Database Normalization and the First Three Normal Forms

Blog Post Published on:	26th October 2022
Title:	Database Normalization and the First Three Normal Forms
Lead Author:	Fred M. Beshears
Type of Blog Post:	mycirclepines_website

Database Normalization

https://en.wikipedia.org/wiki/Database_normalization

“””
Database normalization, or simply normalization, is the process of restructuring a relational database in accordance with a series of so-called normal forms in order to reduce data redundancy and improve data integrity. It was first proposed by Edgar F. Codd as an integral part of his relational model.

Normalization entails organizing the columns (attributes) and tables (relations) of a database to ensure that their dependencies are properly enforced by database integrity constraints. It is accomplished by applying some formal rules either by a process of synthesis (creating a new database design) or decomposition (improving an existing database design).
"""

Objectives

A basic objective of the first normal form defined by Codd in 1970 was to permit data to be queried and manipulated using a “universal data sub-language” grounded in first-order logic.[1] (SQL is an example of such a data sub-language, albeit one that Codd regarded as seriously flawed.)[2]
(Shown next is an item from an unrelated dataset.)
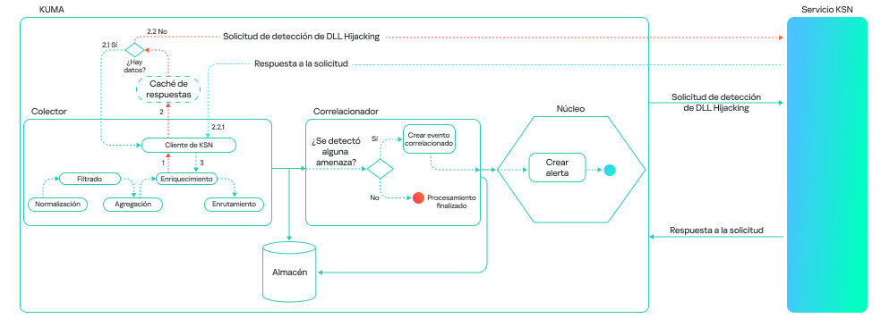 El modelo puede funcionar en uno de dos modos: el correlacionador o el colector. El correlacionador es un componente de SIEM que realiza el análisis y la correlación de eventos basándose en reglas o algoritmos predefinidos. Si la detección está configurada en el correlacionador, el modelo verifica los eventos en los que ya se ha activado alguna regla. Esto reduce el volumen de solicitudes que se envían a KSN y aumenta la velocidad de respuesta del modelo.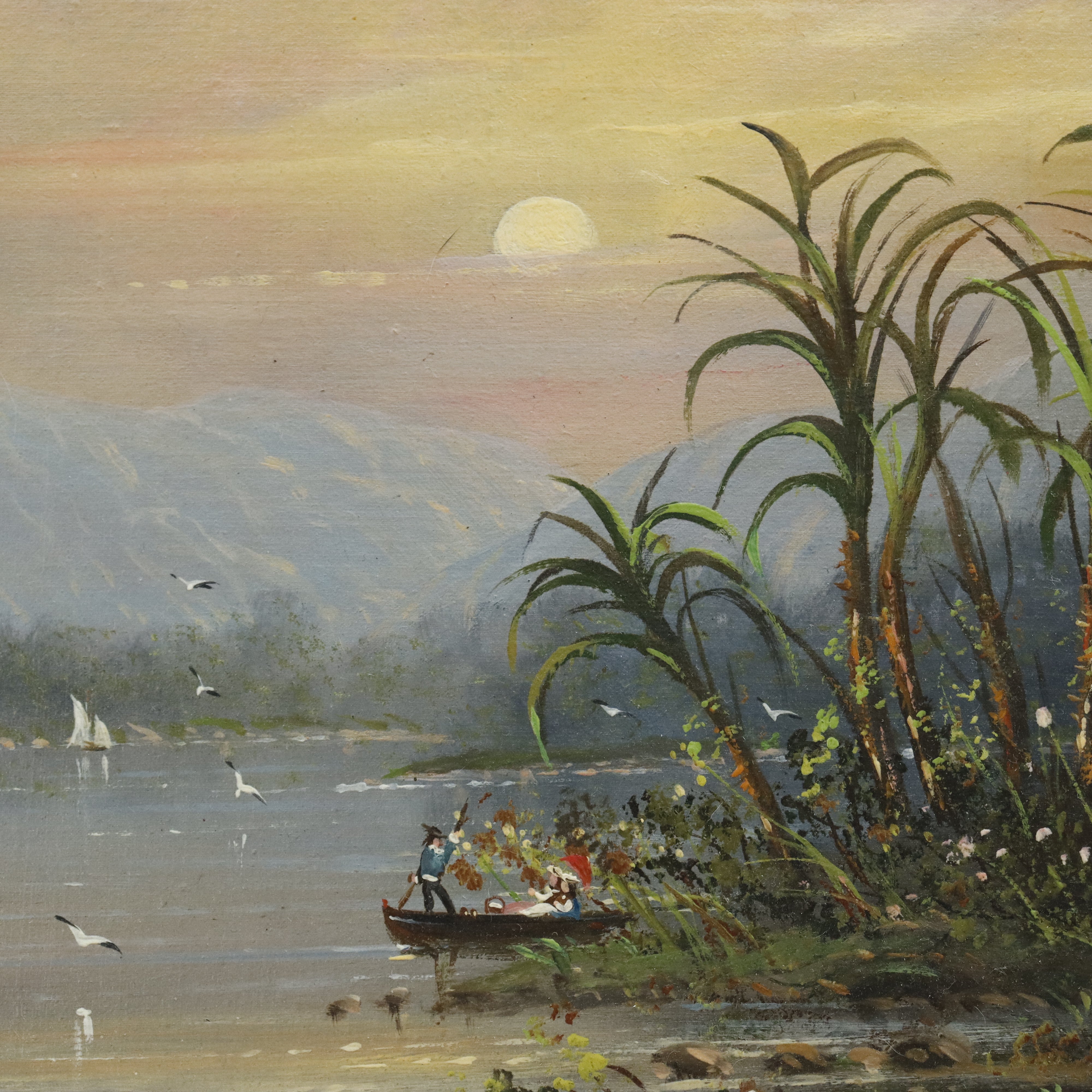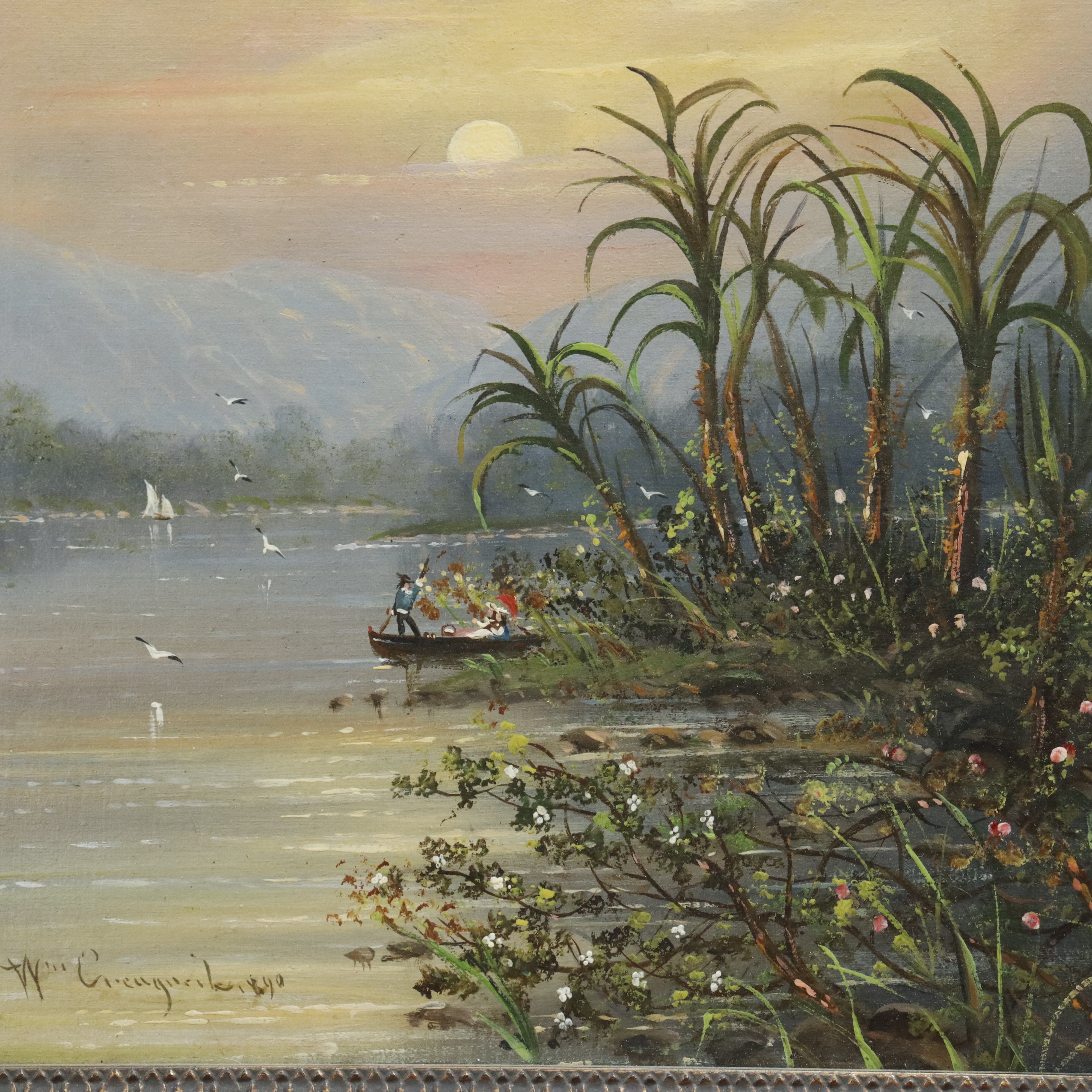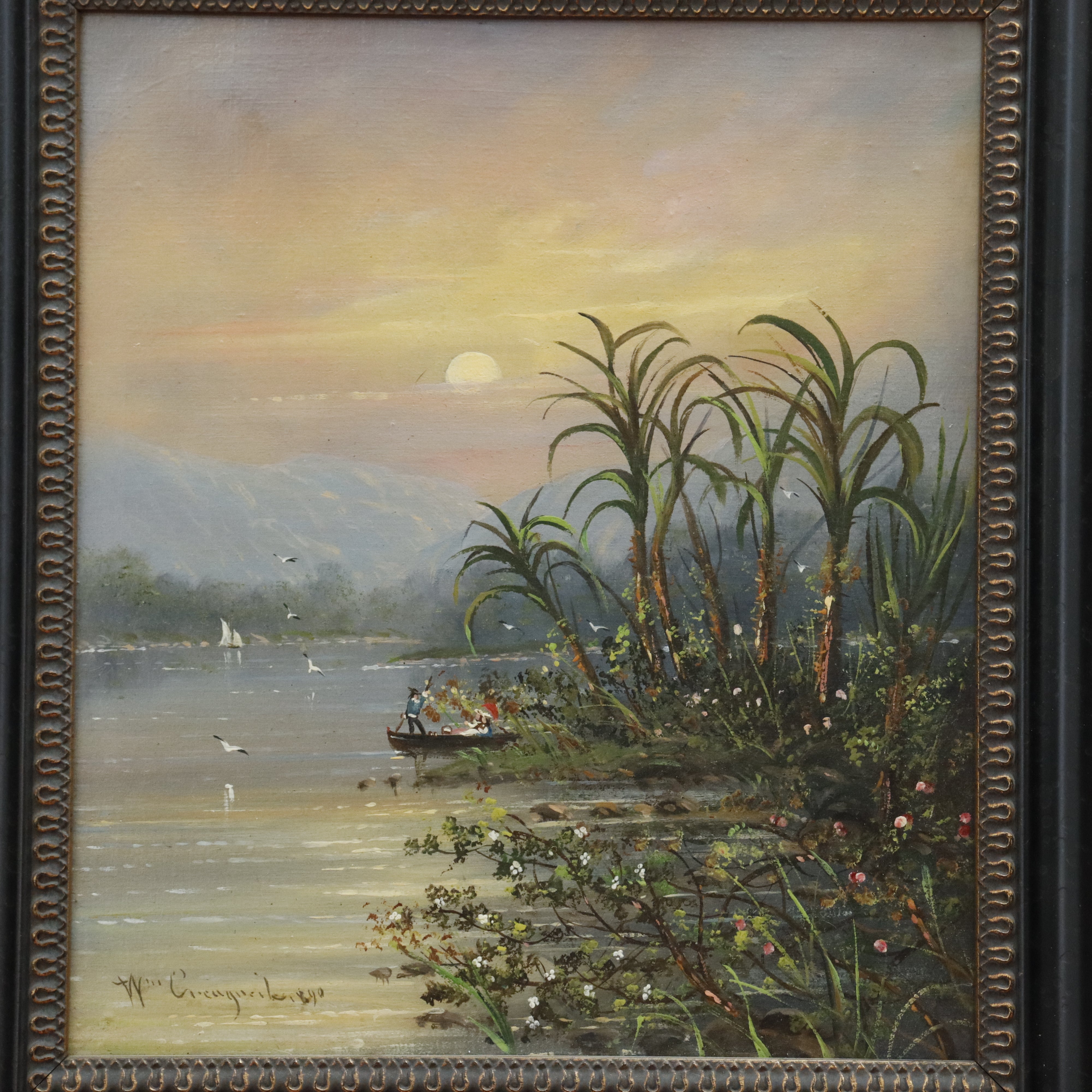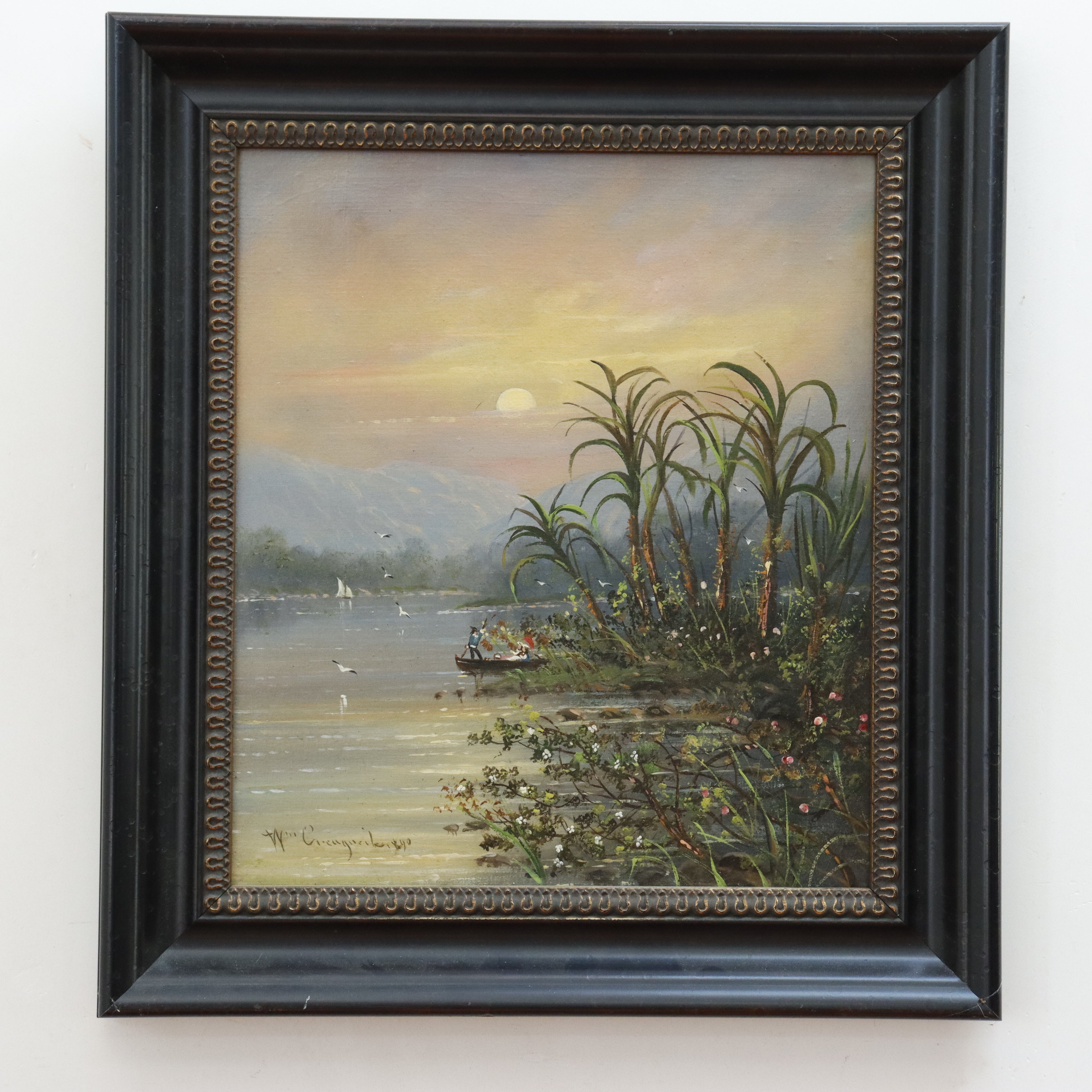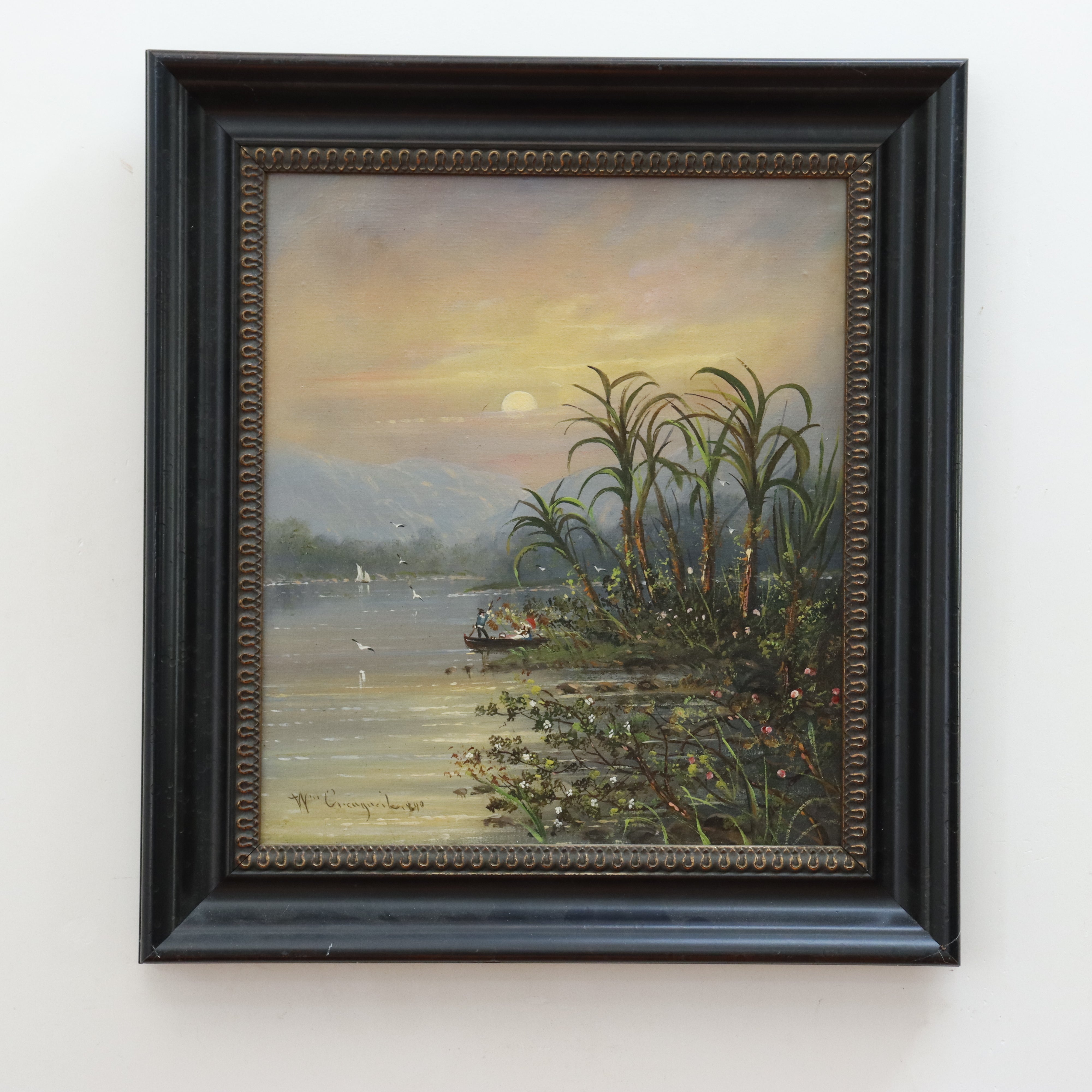 AW493: William Creaquile Boats At Sunset Oil on Canvas Painting

The objectives of normalization beyond 1NF (first normal form) were stated as follows by Codd:

1. To free the collection of relations from undesirable insertion, update and deletion dependencies;

2. To reduce the need for restructuring the collection of relations, as new types of data are introduced, and thus increase the life span of application programs;

3. To make the relational model more informative to users;

4. To make the collection of relations neutral to the query statistics, where these statistics are liable to change as time goes by.

—E.F. Codd, “Further Normalization of the Data Base Relational Model”[3]

An update anomaly. Employee 519 is shown as having different addresses on different records.

An insertion anomaly. Until the new faculty member, Dr. Newsome, is assigned to teach at least one course, his or her details cannot be recorded.

A deletion anomaly. All information about Dr. Giddens is lost if he or she temporarily ceases to be assigned to any courses.

When an attempt is made to modify (update, insert into, or delete from) a relation, the following undesirable side-effects may arise in relations that have not been sufficiently normalized:

Update anomaly. The same information can be expressed on multiple rows; therefore updates to the relation may result in logical inconsistencies. For example, each record in an “Employees’ Skills” relation might contain an Employee ID, Employee Address, and Skill; thus a change of address for a particular employee may need to be applied to multiple records (one for each skill). If the update is only partially successful – the employee’s address is updated on some records but not others – then the relation is left in an inconsistent state. Specifically, the relation provides conflicting answers to the question of what this particular employee’s address is. This phenomenon is known as an update anomaly.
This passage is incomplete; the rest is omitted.